_What is expected_:
Word for word, print each record, dropping any image it holds.

(Records for processing)

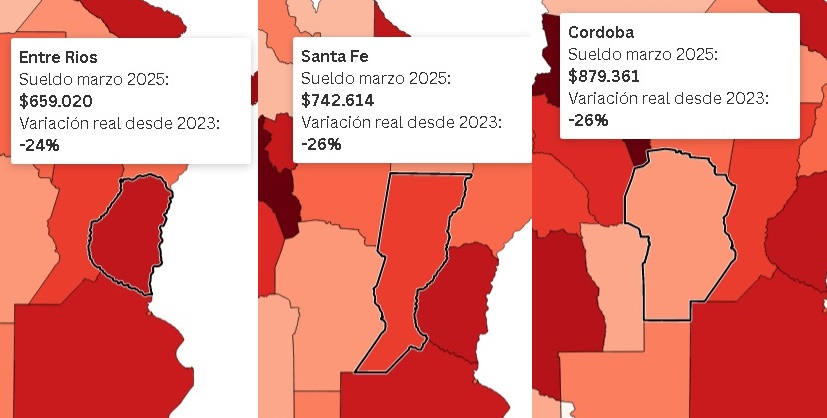 En las provincias vecinas de Santa Fe y Córdoba, un docente que ingresa percibe de movida entre $ 750.000 y $ 800.000. “Eso nos deja muy por debajo a nosotros”, remarcó. Si se considera todo el país, la provincia está levemente por encima de la mitad de tabla.
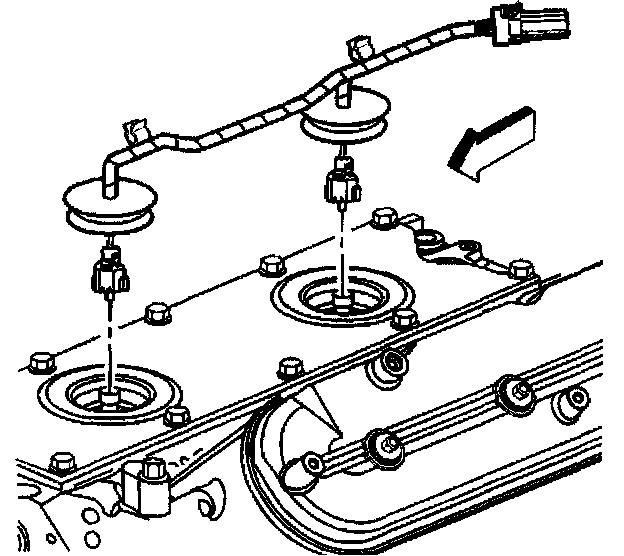 1. Lubricate the NEW knock sensor seals (1) with clean engine oil.
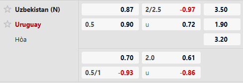 Soi kèo tài xỉu Uzbekistan vs Uruguay:
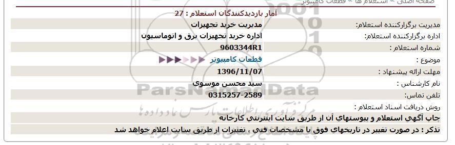 استعلام بها و موضوع استعلام استعلام, استعلام قطعات کامپیوتر به اطلاع کلیه شرکتها و افراد متخصص واجد شرایط میرساند، آگهی گذار در نظر دارد از طریق استعلام بها، نسبت به انتخاب و دریافت پیشنهادات اقدام نماید. این استعلام با کد آگهی ثبت شده در سامانه خبرگزاری پارس نماد : 1035495 منتشر شده است. مشخصات استعلام : تاریخ شروع استعلام: 1396/11/04 آخرین مهلت ارسال پیشنهاد قیمت : 1396/11/07 و محل اجرای پروژه : استان اصفهان میباشد. استعلام قیمت مورد درخواست : استعلام, استعلام قطعات کامپیوتر با دستهبندیهای تخصصی و گروه های مرتبط : کامپیوتر, استعلام اطلاع رسانی میگردد.
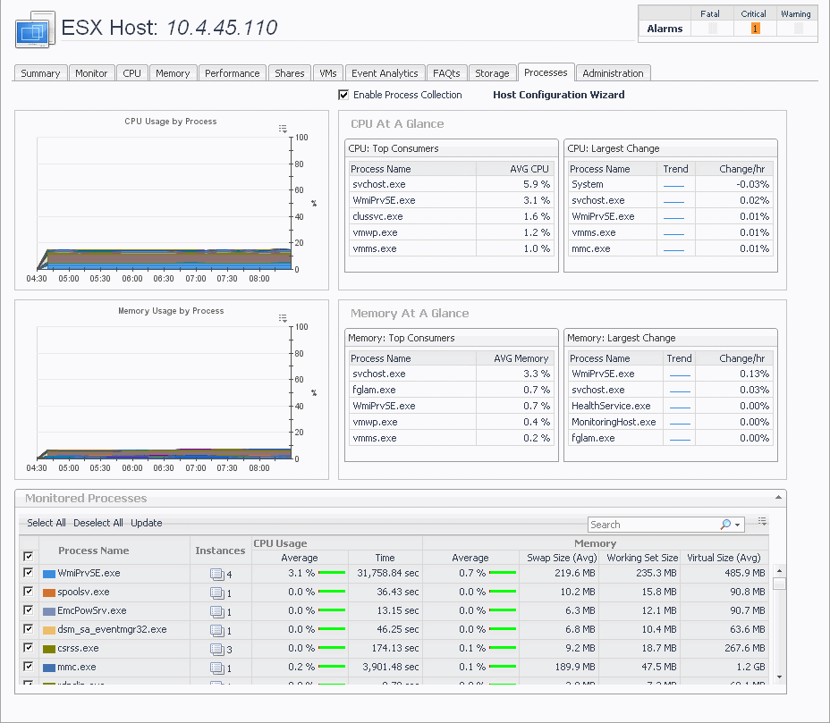 This tab only appears when you are exploring individual Virtual Centers, ESX hosts, and virtual machines, and have the Cartridge for Guest Processes Investigation installed and active. It displays an organized view of process information gathered by the Cartridge for Guest Process Investigation from the virtual or physical machine configured to send process information. When you open this tab, the process information for the selected server or virtual machine appears, allowing you to view the current CPU, memory, and monitored process statistics.
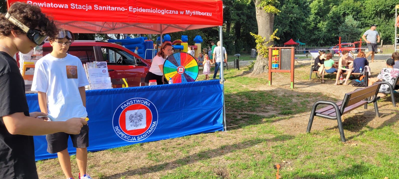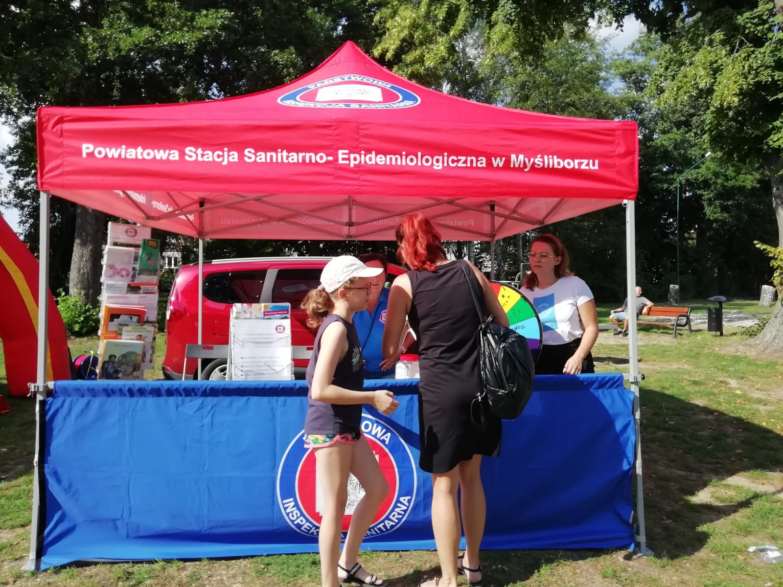 Przy stoisku obsługiwanym przez pracowników PSSE w Myśliborzu osobom dorosłym proponowano badania tlenku węgla (CO) w wydychanym powietrzu, pomiar ciśnienia krwi, analizę składu masy ciała, instruktaże z użyciem alkogogli i narkogogli symulujących stan po spożyciu alkoholu lub środków odurzających. Udzielano poradnictwa wraz z dystrybucją materiałów edukacyjnych z zakresu szeroko rozumianej profilaktyki zdrowotnej. Najmłodsi uczestnicy bawili się przy „Kole Fortuny”. Osoby uczestniczące w zabawie kręciły kołem i musiały wykonać zadanie, które wyznaczyło wylosowane pole. Były to między innymi: krzyżówki, rebusy, quizy, odpowiedzi na pytania, zagadki, a także różnego rodzaju zadania do wykonania np. pokaz prawidłowego szczotkowania zębów.
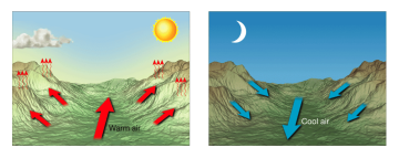 Podobný efekt může nastat i v horách a zde se mluví o termálním větru v údolích. Efekt je stejný. Jen zde se jedná o pomalejší ohřívání údolí než vrcholků hor. Typické místem je Lago di Garda v Itálii.
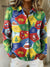 Women's Trendy Colorful Childlike Whimsical Christmas Crayon Pattern Print Cowl Neck Sweater
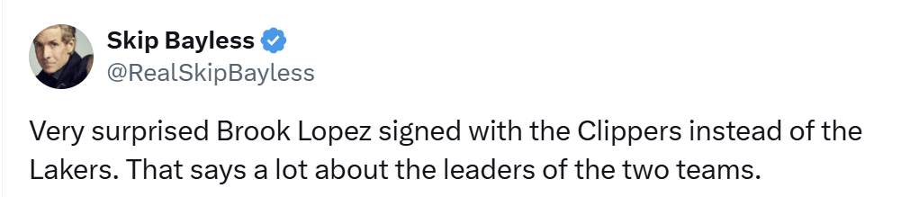 非常惊讶布鲁克-洛佩斯选择了快船而不是明两湖人。这在很大程度上说明了两支球队领袖的差别差别。
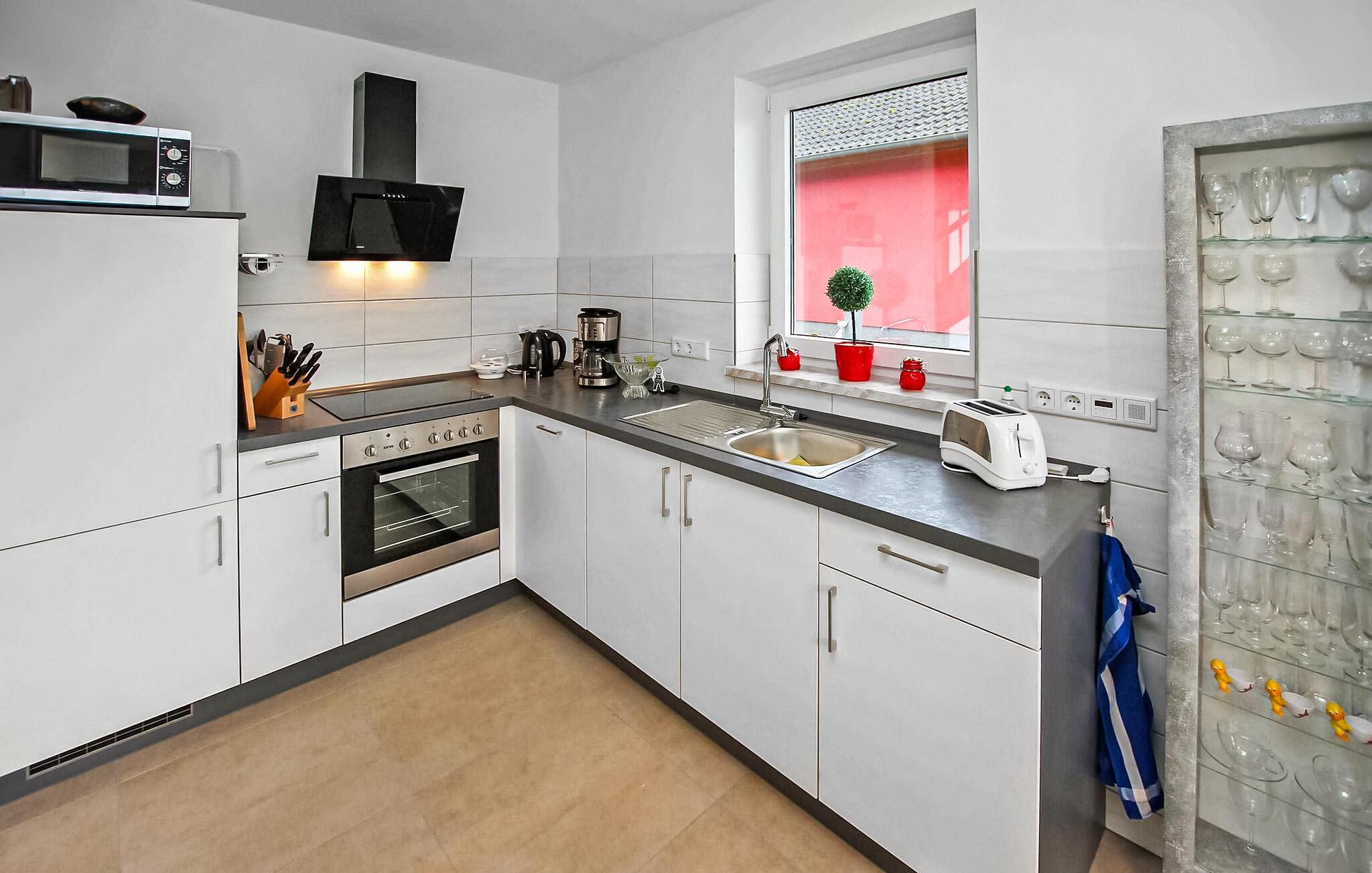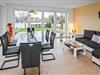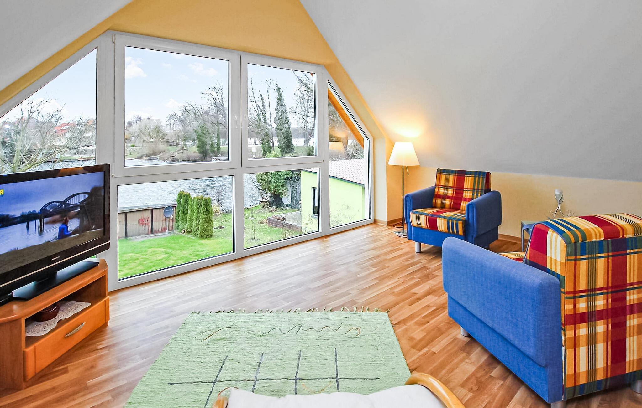Das ca. 159 qm große, mit (im EG Fußboden-)Heizung sowie Insektenschutz und elektrischen Rolläden an den Fenstern ausgestattete Nichtraucher-Haus erstreckt sich über zwei Etagen. Im Erdgeschoss befindet sich ein großer, offen gestalteter Wohnraum (Seeblick, Terrassenzugang, Schlafcouch, Radio, Esstisch) mit kompletter Küche (E-Herd mit Backofen, Kühlschrank mit Gefriermöglichkeit, Mikrowelle, Geschirrspüler, div. Küchenkleingeräte), ein Schlafraum (Doppel-Boxspringbett, Flachbild-TV, großer Kleiderschrank) und ein geräumiges Bad (ebenerdige Dusche, WC, Fön, Waschmaschine).

(End Records for processing)

_Result of the exercise_:
 En las provincias vecinas de Santa Fe y Córdoba, un docente que ingresa percibe de movida entre $ 750.000 y $ 800.000. “Eso nos deja muy por debajo a nosotros”, remarcó. Si se considera todo el país, la provincia está levemente por encima de la mitad de tabla.
 1. Lubricate the NEW knock sensor seals (1) with clean engine oil.
 Soi kèo tài xỉu Uzbekistan vs Uruguay:
 استعلام بها و موضوع استعلام استعلام, استعلام قطعات کامپیوتر به اطلاع کلیه شرکتها و افراد متخصص واجد شرایط میرساند، آگهی گذار در نظر دارد از طریق استعلام بها، نسبت به انتخاب و دریافت پیشنهادات اقدام نماید. این استعلام با کد آگهی ثبت شده در سامانه خبرگزاری پارس نماد : 1035495 منتشر شده است. مشخصات استعلام : تاریخ شروع استعلام: 1396/11/04 آخرین مهلت ارسال پیشنهاد قیمت : 1396/11/07 و محل اجرای پروژه : استان اصفهان میباشد. استعلام قیمت مورد درخواست : استعلام, استعلام قطعات کامپیوتر با دستهبندیهای تخصصی و گروه های مرتبط : کامپیوتر, استعلام اطلاع رسانی میگردد.
 This tab only appears when you are exploring individual Virtual Centers, ESX hosts, and virtual machines, and have the Cartridge for Guest Processes Investigation installed and active. It displays an organized view of process information gathered by the Cartridge for Guest Process Investigation from the virtual or physical machine configured to send process information. When you open this tab, the process information for the selected server or virtual machine appears, allowing you to view the current CPU, memory, and monitored process statistics.
 Przy stoisku obsługiwanym przez pracowników PSSE w Myśliborzu osobom dorosłym proponowano badania tlenku węgla (CO) w wydychanym powietrzu, pomiar ciśnienia krwi, analizę składu masy ciała, instruktaże z użyciem alkogogli i narkogogli symulujących stan po spożyciu alkoholu lub środków odurzających. Udzielano poradnictwa wraz z dystrybucją materiałów edukacyjnych z zakresu szeroko rozumianej profilaktyki zdrowotnej. Najmłodsi uczestnicy bawili się przy „Kole Fortuny”. Osoby uczestniczące w zabawie kręciły kołem i musiały wykonać zadanie, które wyznaczyło wylosowane pole. Były to między innymi: krzyżówki, rebusy, quizy, odpowiedzi na pytania, zagadki, a także różnego rodzaju zadania do wykonania np. pokaz prawidłowego szczotkowania zębów.
 Podobný efekt může nastat i v horách a zde se mluví o termálním větru v údolích. Efekt je stejný. Jen zde se jedná o pomalejší ohřívání údolí než vrcholků hor. Typické místem je Lago di Garda v Itálii.
 Women's Trendy Colorful Childlike Whimsical Christmas Crayon Pattern Print Cowl Neck Sweater
 非常惊讶布鲁克-洛佩斯选择了快船而不是明两湖人。这在很大程度上说明了两支球队领袖的差别差别。
Das ca. 159 qm große, mit (im EG Fußboden-)Heizung sowie Insektenschutz und elektrischen Rolläden an den Fenstern ausgestattete Nichtraucher-Haus erstreckt sich über zwei Etagen. Im Erdgeschoss befindet sich ein großer, offen gestalteter Wohnraum (Seeblick, Terrassenzugang, Schlafcouch, Radio, Esstisch) mit kompletter Küche (E-Herd mit Backofen, Kühlschrank mit Gefriermöglichkeit, Mikrowelle, Geschirrspüler, div. Küchenkleingeräte), ein Schlafraum (Doppel-Boxspringbett, Flachbild-TV, großer Kleiderschrank) und ein geräumiges Bad (ebenerdige Dusche, WC, Fön, Waschmaschine).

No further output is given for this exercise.